##### Material for the task #####

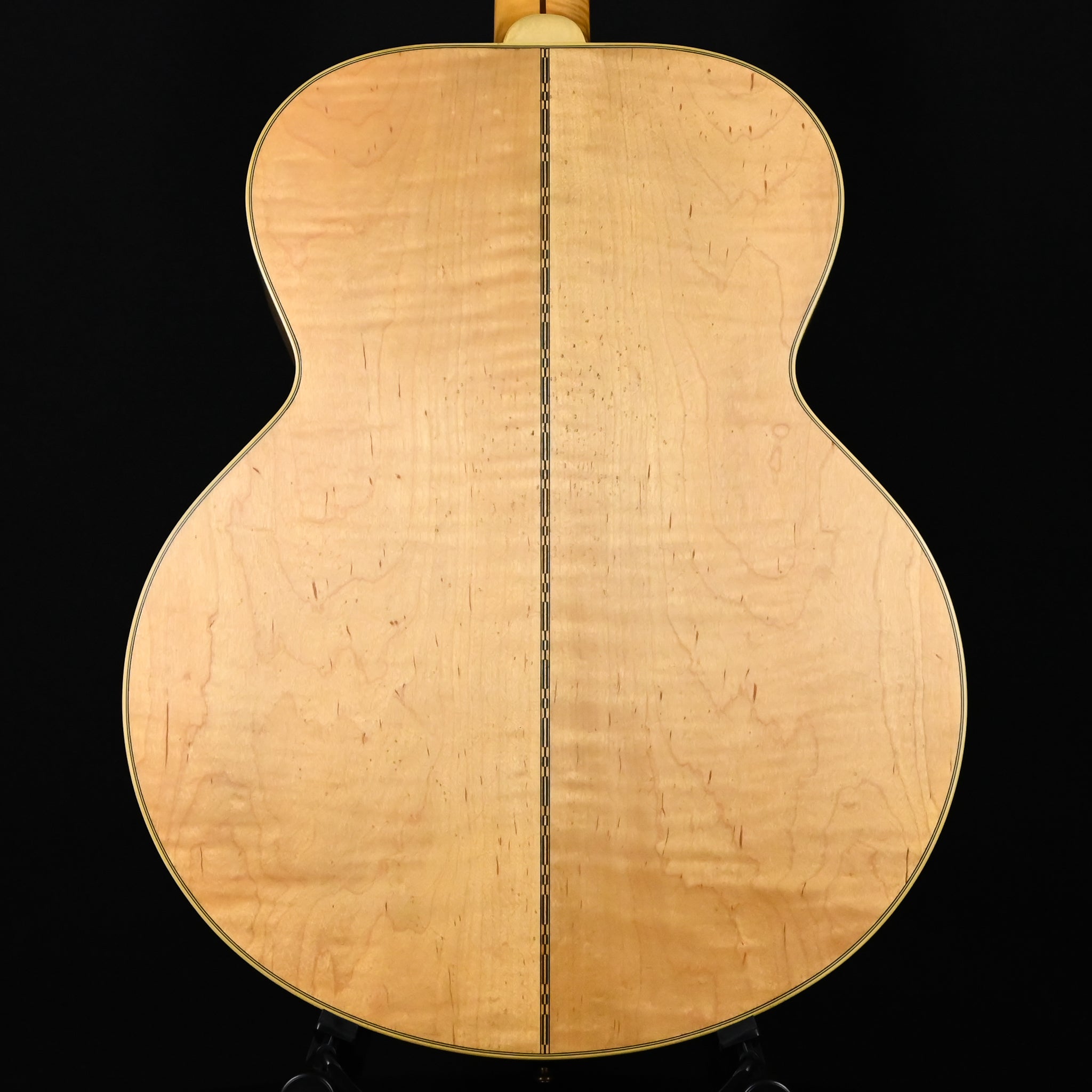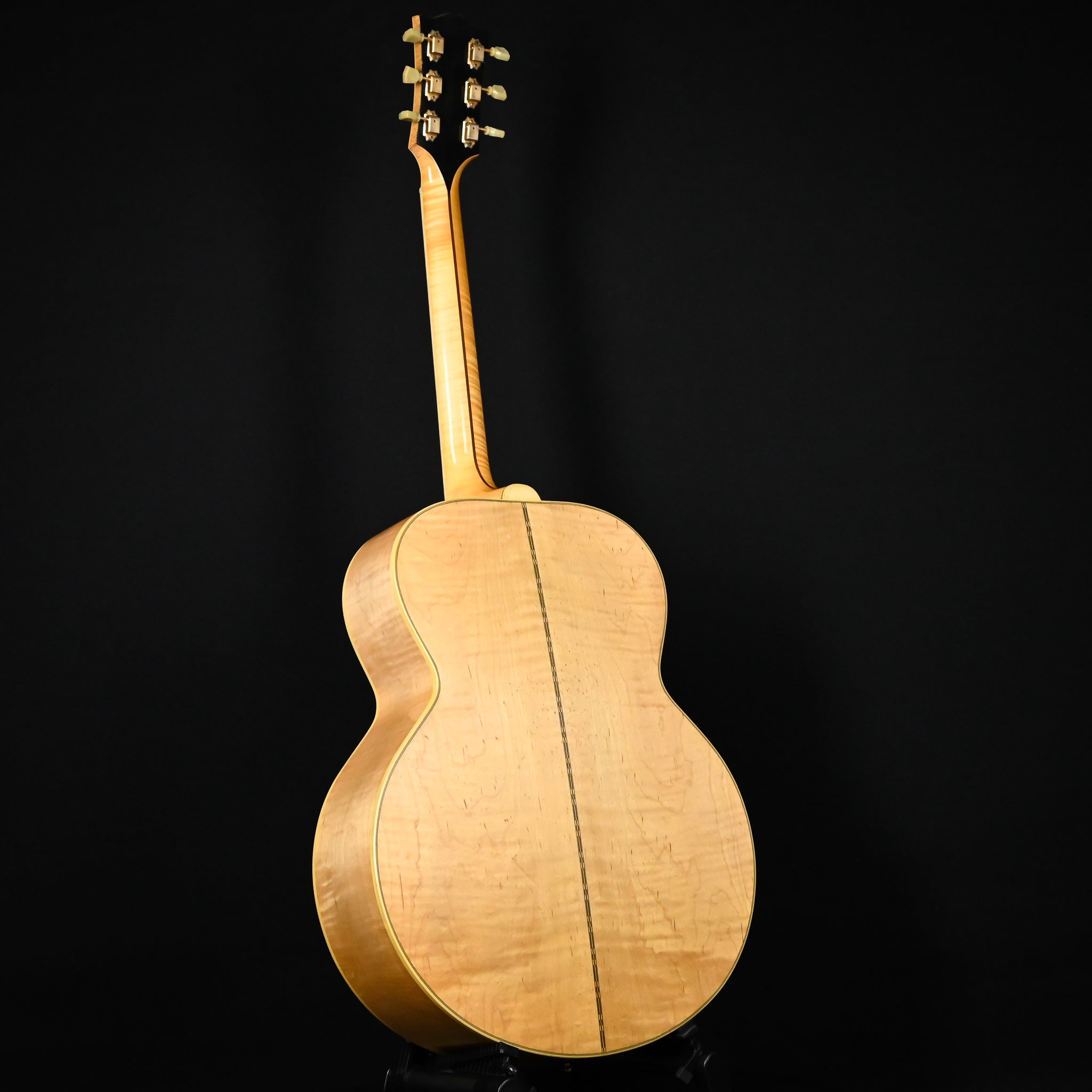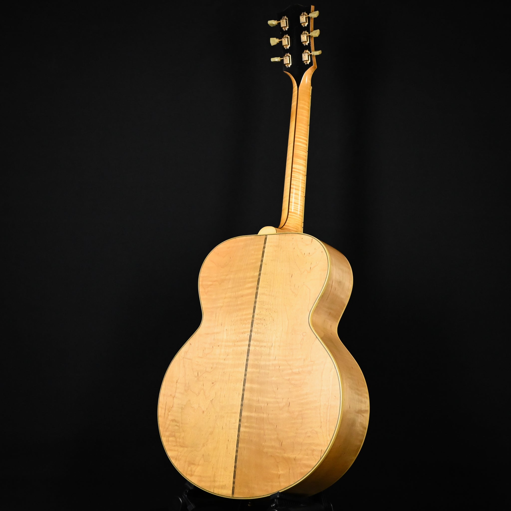 The Gibson SJ-200™ was first introduced in 1937 and quickly earned the moniker “the King of the Flat-Tops” due to its size, high-quality sound, exceptional projection, and commanding stage presence. In 1947, the wood used for the sides and back changed from rosewood to maple. The SJ-200 has been used by everyone from Hollywood cowboys to folk artists, country superstars to rock royalty, and vintage SJ-200 models are in high demand among collectors. Now, Gibson Custom is proud to introduce the 1957 SJ-200 Light Aged, a faithful recreation of those majestic vintage Super Jumbo models. The 1957 SJ-200 Light Aged features a AAA flamed maple back with a checkerboard marquetry strip, AAA flamed maple sides, and a thermally aged Sitka spruce top that is reinforced with traditional scalloped X-bracing that is installed using hide glue.
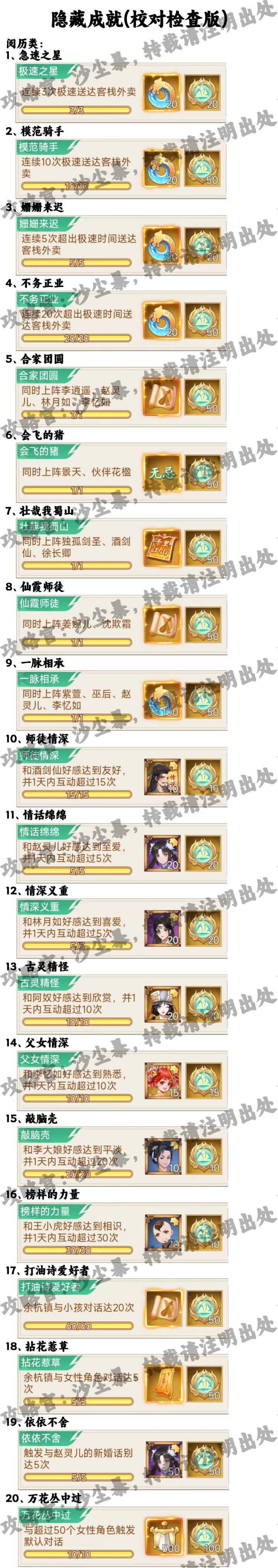 目前游戏已知的隐藏成就比较多,有的玩家会不确定自己还有哪些成就没完成,这里将目前已知的所有成就都写出来,让玩家可以进行检查
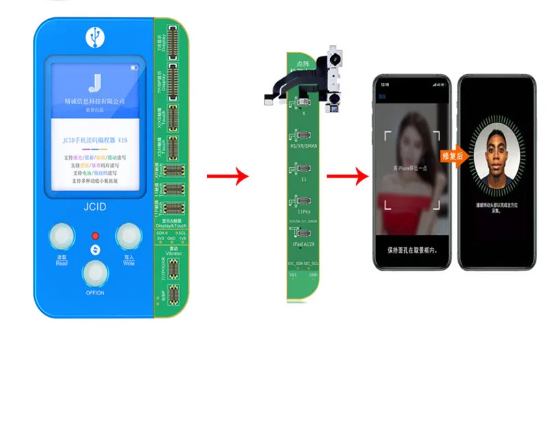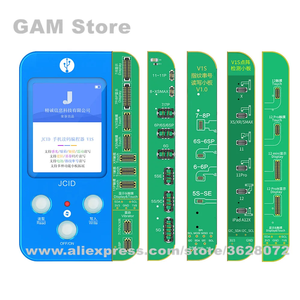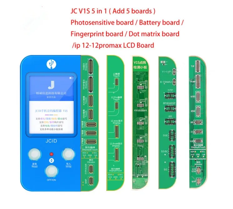 Функция:JC V1S программист могут быть использованы для решения вопроса приближения светильник Сенсор, размер тон Дисплей, ультратонкий, Мультитач, вибратор совместимые вопросы запасных частей с ios 11 обновления. Сравнение с ранее генерируемым, baseband и логическим чипом, функция чтения/записи/редактирования была встроена, JC V1-самый мощный чип EEPROM repair programmer!
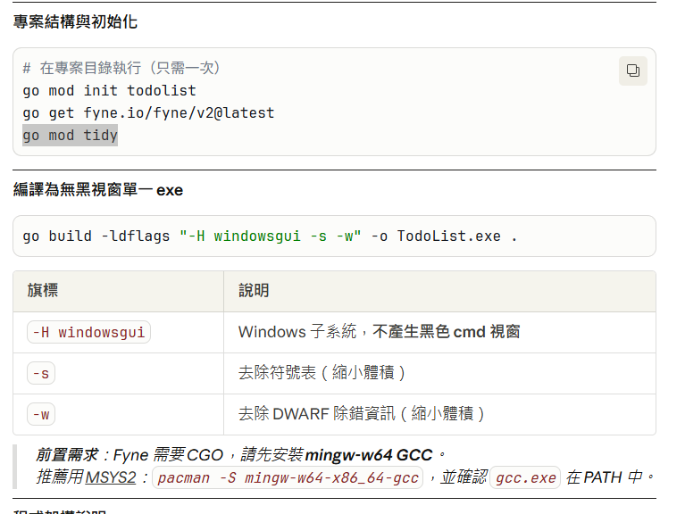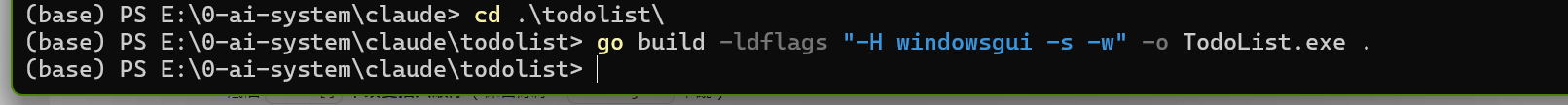 go build -ldflags “-H windowsgui -s -w” -o TodoList.exe .
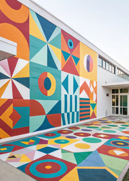 Паттерн является узнаваемой чертой школы, поэтому его можно часто увидеть в пространстве школы. Абстрактный рисунок интересен тем, что несмотря на структурность он создает атмосферу игры, свободы творчества, что оказывает хорошее влияние на студентов школы.
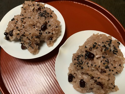 今日のお供えは、お赤飯です。特におめでたいことはないけれど、強いていえば、おさがりを食べるのは、おめでたい人(わたし)です。
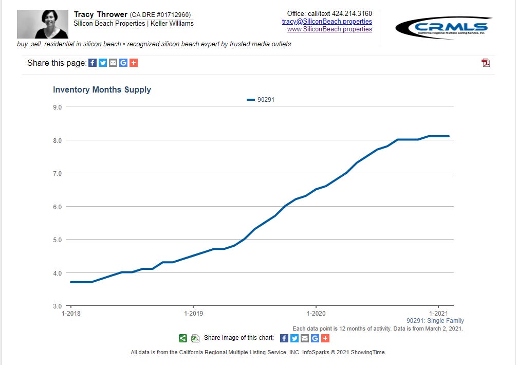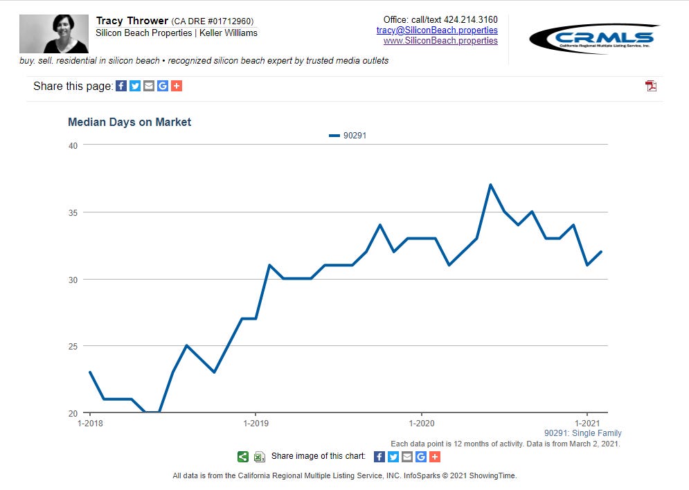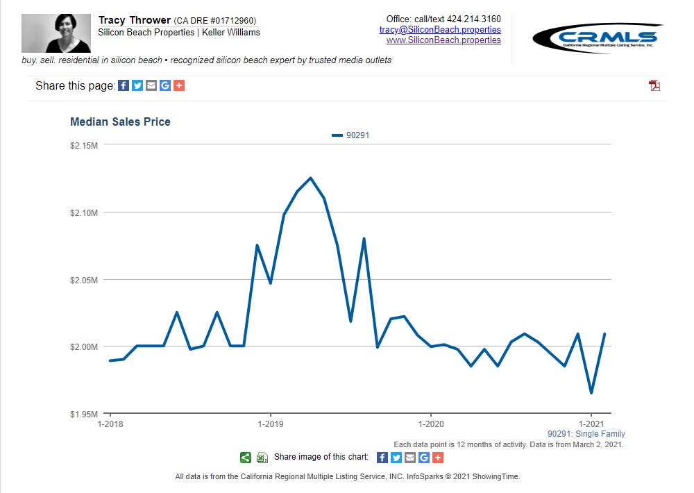 All graphs presented herein show data for the last five years on a rolling 12-month average to smooth the bumps. The data shown is also for single-family homes. If you want condo or combined data for Venice CA 90291, or custom graphs for other areas, just ask!
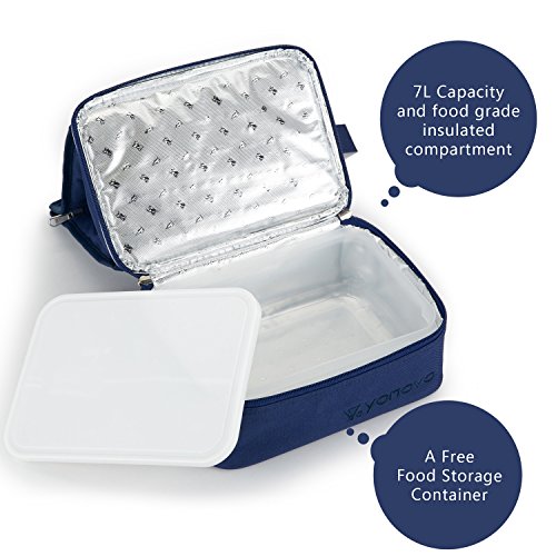 - YONOVO insulated lunch bag with environmental and nontoxic materials: 600D polyester, aluminum foil compartment keeps meals, beverages, fruits, snacks or drugs fresh and well-packed for a long time
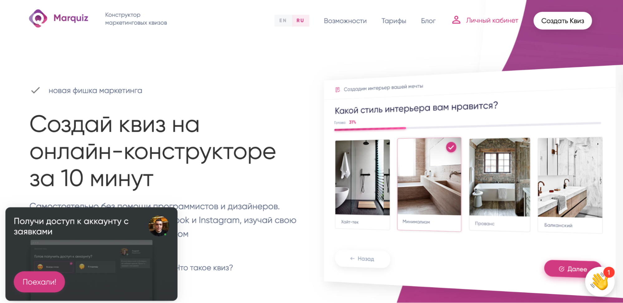 Marquiz — конструктор квизов с довольно гибкими возможностями; тестовый период до 14 дней.
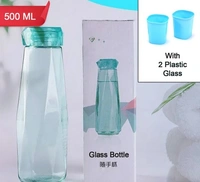 5213 GLASS FRIDGE WATER BOTTLE PLASTIC CAP WITH TWO WATER GLASS FOR HOME & KITCHEN USE
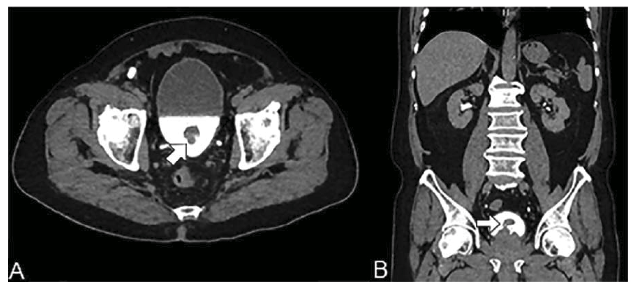 A nivel de vejiga, se observó engrosamiento de la pared posterior con realce hasta las 76 Unidades Hounsfield (UH) en la fase arterial, y un defecto de llenado de 12 mm en la fase de eliminación (figura 2).
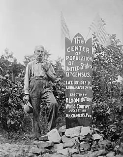 Map showing changes to the mean center of population for the United States, 1790–2020 (US Census Bureau)[1]Map of the Position of the U.S. Geographic Center of Area, Mean Center of Population, and Median Center of Population, 2020 (U.S. Census Bureau)[2]The center of the US population, 13th census (1910), near Bloomington, IndianaThe center of the US population, 13th census (1910), near Bloomington, Indiana
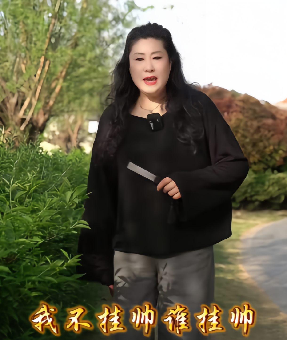 只见干娘身穿黑色上衣搭配阔腿牛仔裤,披散着头发,这打扮跟之前的造型比起来着实是洋气了太多。
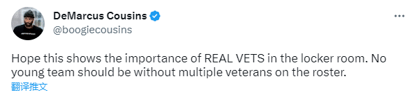 对此,考辛斯发推表示:“希望这件事能够说明更衣室里有一名真正的老将的重要性,任何年轻的球队都不能没有这些老将。

#####

• **Goal of the exercise**
Set the entries down exactly, but not the pictures.

• **Task result**
 The Gibson SJ-200™ was first introduced in 1937 and quickly earned the moniker “the King of the Flat-Tops” due to its size, high-quality sound, exceptional projection, and commanding stage presence. In 1947, the wood used for the sides and back changed from rosewood to maple. The SJ-200 has been used by everyone from Hollywood cowboys to folk artists, country superstars to rock royalty, and vintage SJ-200 models are in high demand among collectors. Now, Gibson Custom is proud to introduce the 1957 SJ-200 Light Aged, a faithful recreation of those majestic vintage Super Jumbo models. The 1957 SJ-200 Light Aged features a AAA flamed maple back with a checkerboard marquetry strip, AAA flamed maple sides, and a thermally aged Sitka spruce top that is reinforced with traditional scalloped X-bracing that is installed using hide glue.
 目前游戏已知的隐藏成就比较多,有的玩家会不确定自己还有哪些成就没完成,这里将目前已知的所有成就都写出来,让玩家可以进行检查
 Функция:JC V1S программист могут быть использованы для решения вопроса приближения светильник Сенсор, размер тон Дисплей, ультратонкий, Мультитач, вибратор совместимые вопросы запасных частей с ios 11 обновления. Сравнение с ранее генерируемым, baseband и логическим чипом, функция чтения/записи/редактирования была встроена, JC V1-самый мощный чип EEPROM repair programmer!
 go build -ldflags “-H windowsgui -s -w” -o TodoList.exe .
 Паттерн является узнаваемой чертой школы, поэтому его можно часто увидеть в пространстве школы. Абстрактный рисунок интересен тем, что несмотря на структурность он создает атмосферу игры, свободы творчества, что оказывает хорошее влияние на студентов школы.
 今日のお供えは、お赤飯です。特におめでたいことはないけれど、強いていえば、おさがりを食べるのは、おめでたい人(わたし)です。
 All graphs presented herein show data for the last five years on a rolling 12-month average to smooth the bumps. The data shown is also for single-family homes. If you want condo or combined data for Venice CA 90291, or custom graphs for other areas, just ask!
 - YONOVO insulated lunch bag with environmental and nontoxic materials: 600D polyester, aluminum foil compartment keeps meals, beverages, fruits, snacks or drugs fresh and well-packed for a long time
 Marquiz — конструктор квизов с довольно гибкими возможностями; тестовый период до 14 дней.
 5213 GLASS FRIDGE WATER BOTTLE PLASTIC CAP WITH TWO WATER GLASS FOR HOME & KITCHEN USE
 A nivel de vejiga, se observó engrosamiento de la pared posterior con realce hasta las 76 Unidades Hounsfield (UH) en la fase arterial, y un defecto de llenado de 12 mm en la fase de eliminación (figura 2).
 Map showing changes to the mean center of population for the United States, 1790–2020 (US Census Bureau)[1]Map of the Position of the U.S. Geographic Center of Area, Mean Center of Population, and Median Center of Population, 2020 (U.S. Census Bureau)[2]The center of the US population, 13th census (1910), near Bloomington, IndianaThe center of the US population, 13th census (1910), near Bloomington, Indiana
 只见干娘身穿黑色上衣搭配阔腿牛仔裤,披散着头发,这打扮跟之前的造型比起来着实是洋气了太多。
 对此,考辛斯发推表示:“希望这件事能够说明更衣室里有一名真正的老将的重要性,任何年轻的球队都不能没有这些老将。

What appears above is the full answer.